It was attributable to a major positive charge on the metal center, which makes it more electrophilic and more active to coordinate the phenylacetylene. Moreover, benzaldehyde is less reactive with respect to aliphatic aldehydes.

3. Biological Activities

3.1. Antibacterial Activity

The antibacterial activity of compounds containing Ag (3a and 4a) and Au (3b and 4b) were assessed by determining the MIC (minimal inhibitory concentration) according to the CLSI (Clinical and Laboratory Standards Institute) guidelines [48,49]. The compounds were tested against both Gram positive Staphylococcus aureus and Gram-negative bacteria Escherichia coli.

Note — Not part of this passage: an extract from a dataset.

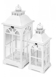 LATARNIA LAMPION DREWNIANY ŚWIECZNIK LATARENKA BIEL ZESTAW 2 SZTUK Candela - Kolekcja lampionów, które swoją formą podkreślają charakter stylowego wnętrza. A także dodadzą uroku chwilom spędzonym w ogrodzie. RETRO MODEL: MSL2520 WYMIARY DUŻEJ LATARNI: (wysokość x szerokość x głębokość) 71 x 24 x 24 cm WYMIARY MAŁEJ LATARNI:

Another analog molecule, 1a, previously demonstrated effective on E. coli [40] and pro-ligands S1, S2, S3, S4 were also introduced as experimental controls [40]. We have also tested the analog gold complex 1b and, furthermore, the 2a and 2b, which have chlorine on the backbone of the imidazole ring instead of hydrogen. Results are shown in

Table 2. Antimicrobial activity tested on representative Gram negative and positive bacteria.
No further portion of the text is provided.